Having now read a couple classic novels on Kindle, I've come to appreciate that there are different levels of quality in translating a book to the Kindle.  For example, a well-indexed table of contents (clickable), full forewards, afterwords, critical essays, footnotes, readers guide included etc.

So, before I begin the journey of reading The Brothers Karamazov, I thought I would check to see if anyone can either recommend or 'recommend to avoid" any specific Kindle version of the book.

Thanks!


----------



## askenase13 (Mar 1, 2009)

In general, I have found the mobilereference to be very good editions (complete collections of Dostoyevksy for $4.67).  Well formatted, TOC lins, etc.  But I have gotten English books.  

I guess your best bet as far as translations is concerned is to download a few samples and see which read the ebst for you.  You'll probbaly get the first chapter in each, so you can make a direct comparison.


----------



## Geemont (Nov 18, 2008)

Avoid the translation by Constance Garnett even though it is the free one.  She had a prudish and Victorian sensibility, and Dostoevsky was no prude.  For example, there was a character named Stinking Lizaveta, or Reeking Lizaveta, depending on the translator, but Garnett expunged the smelly adjective from her name altogether, calling her plainly just Lizaveta.  I can only guess at her reasons, but I think she thought it an improper way to call a women, even a mute and retarded woman.  

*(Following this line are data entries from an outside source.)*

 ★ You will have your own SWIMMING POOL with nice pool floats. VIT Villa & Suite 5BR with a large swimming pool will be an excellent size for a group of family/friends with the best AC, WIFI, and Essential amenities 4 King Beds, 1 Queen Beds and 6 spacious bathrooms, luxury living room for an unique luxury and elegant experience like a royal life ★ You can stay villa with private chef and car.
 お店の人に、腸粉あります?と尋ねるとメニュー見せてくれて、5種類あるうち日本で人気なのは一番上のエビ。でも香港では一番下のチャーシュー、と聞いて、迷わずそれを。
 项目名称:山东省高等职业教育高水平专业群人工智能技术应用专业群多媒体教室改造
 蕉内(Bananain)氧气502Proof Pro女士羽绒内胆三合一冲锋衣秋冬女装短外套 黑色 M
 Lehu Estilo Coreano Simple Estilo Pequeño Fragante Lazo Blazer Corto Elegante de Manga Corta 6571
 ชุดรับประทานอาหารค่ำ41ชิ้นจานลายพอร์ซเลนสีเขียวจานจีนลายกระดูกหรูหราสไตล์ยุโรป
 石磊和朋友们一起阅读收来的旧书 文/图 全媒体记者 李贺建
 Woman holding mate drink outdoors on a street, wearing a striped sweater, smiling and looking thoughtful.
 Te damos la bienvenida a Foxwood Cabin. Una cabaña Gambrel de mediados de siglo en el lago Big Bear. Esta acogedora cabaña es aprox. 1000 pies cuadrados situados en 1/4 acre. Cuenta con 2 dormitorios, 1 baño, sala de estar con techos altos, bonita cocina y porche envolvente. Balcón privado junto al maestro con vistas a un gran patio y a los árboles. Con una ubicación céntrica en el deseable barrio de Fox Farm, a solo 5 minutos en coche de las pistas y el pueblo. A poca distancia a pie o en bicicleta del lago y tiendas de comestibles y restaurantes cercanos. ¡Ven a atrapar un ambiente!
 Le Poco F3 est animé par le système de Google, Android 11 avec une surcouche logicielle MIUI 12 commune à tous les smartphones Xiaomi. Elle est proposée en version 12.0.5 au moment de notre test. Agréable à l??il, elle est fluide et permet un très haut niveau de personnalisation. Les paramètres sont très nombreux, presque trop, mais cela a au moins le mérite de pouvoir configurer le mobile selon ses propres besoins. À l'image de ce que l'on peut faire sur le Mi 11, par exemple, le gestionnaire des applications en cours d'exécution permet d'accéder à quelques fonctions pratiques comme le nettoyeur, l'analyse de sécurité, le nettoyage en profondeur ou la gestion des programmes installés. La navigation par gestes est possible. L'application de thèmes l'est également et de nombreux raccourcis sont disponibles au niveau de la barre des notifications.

If you can't find a Kindle version with a more modern translator, you'd be better off with a DTV.  Richard Pevear and Larissa Volokhonsky were faithful to Doestoevsky's text and style, even down to making the English style clunky when it was clunky in the original Russian.


----------



## LauraB (Nov 23, 2008)

I agree with Geemont, some translators have their own agendas and that can really change a work. Garnett is one of them. She has done some interestingly adjusted translations of Tolsoy as well.  Her "nip-tucks" are quite extensive and really can make it like you haven't read Tolstoy. Sometimes his entire meaning is covered in white lace. I'll see if I can find a link to a well translated, well formatted Dostoevsky, but it will be later this evening. I have a degree in Literature, so maybe I take this more seriously then most people. But, I think one of the reasons more people don't read "foreign" classics is the translations aren't always very enjoyable. JMO


----------



## LauraB (Nov 23, 2008)

Well, I checked amazon and I wouldn't recommend any of the ones available on kindle right now. Most are the public domain versions of Garnnett, and the couple that aren't don't have linked foot/endnotes. On a large work translated from Russian that means a lot of extra work to get it read because the notes are important to understanding the works. As Geemont said, the Pevears is a really good translation. I went ahead and clicked on the make it kindle for you


----------



## PenskeFile (Jun 16, 2009)

Thanks for the tips y'all! I had a feeling from browsing the many versions available for Kindle that there was something missing. I may wait for a little while then to see what develops and move on to _The Confusion_ by Neal Stephenson in the mean time. I enjoyed _Quicksilver _ quite a bit.


----------



## PenskeFile (Jun 16, 2009)

While further researching this issue of translation, I ran across this article about the couple who made it their mission to produce an improved English translation. Some of you may find this interesting:

http://www.newyorker.com/archive/2005/11/07/051107fa_fact_remnick?currentPage=all

(Edit: I should add that this is the Pevear translation, referenced above by Red, which is of course not available on Kindle right now )


----------